The Buzz

THE BUZZ: SC roads agency panel accused of caging its watchdog

Traffic on Interstate 26 near its junction with Interstate 20 near Columbia.
Traffic on Interstate 26 near its junction with Interstate 20 near Columbia. THE STATE

An arm of the commission that oversees the state Department of Transportation leashed its own watchdog.

That was a key finding in a Legislative Audit Council report last week that chastised how the state’s roads agency spent money and picked projects.

The Transportation Department commission’s audit panel revised its chief internal auditor’s job description last year, restricting his authority to review potential wrong-doing, the legislative report said.

That move compromises the independence of the one office that should be, well, independent, a report by the Legislative Audit Council said.

A clash between the Transportation Department’s Auditor Paul Townes and the Transportation Commission emerged last year.

At the time, commission vice chairman Mike Wooten said the agency’s internal auditor should be more focused on finding efficiencies than being a cop.

That is not how an internal auditor can work best, Brad Hanley, a manager for the Legislative Audit Council told a S.C. House panel last week.

“The internal auditor is there to help protect the agency and the agency’s assets,” Hanley testified.

But Wooten, now the commission chairman, told The Buzz last week the transportation commission does not interfere with the auditor.

“There’s not been one instance where he’s asked to do an audit that we’ve turned him down,” Wooten said.

Still, the report found the Transportation Commission audit panel changed the auditor’s office role requiring that:

▪  The panel approve audits before they are released to legislative committees.

The problem? This change allows the subcommittee “to prevent any audit it chooses from being released to the public, including those that might be unfavorable to the department,” the Legislative Audit Council report said.

“There’s no support for holding up those reports and picking and choosing which one the commission wants to release,” Hanley told the House panel.

▪  The chief internal auditor’s office must consult with the transportation commission on audit topics and timing.

The problem?

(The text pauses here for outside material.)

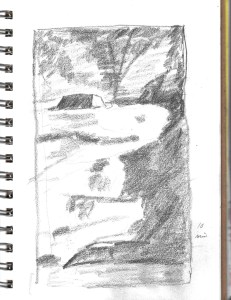 Even here, it’s difficult to see, I know, but these three small value sketches represent the three different views I was considering. After looking at the photos and my quick sketches, I choose the second view. I felt that this had a lot of interest with the dark values at the right and the strong diagonal lines formed by the waterfall.

According to an international auditing organization, internal auditors should be independent, the legislative report said.

▪  The chief internal auditor’s office must report fraudulent activity to the transportation commission audit panel, instead of investigating the complaints itself.

Any information is then forwarded to the Inspector General’s office, which screens the tips.

However, the Inspector General’s office finds most of the complaints do not involve fraud, so they send them back to the transportation agency managers for investigation, the legislative report said.

The problem? “Since the incident occurred under management’s responsibility, department heads may be reluctant to conduct aggressive investigations and find wrongdoing in their own departments,” the report said.

The Legislative Audit Council report proposed solutions, including having the General Assembly put into law that the Transportation Department commission cannot curtail the independence of the chief internal auditor’s office.

In other words: Unleash the watchdog.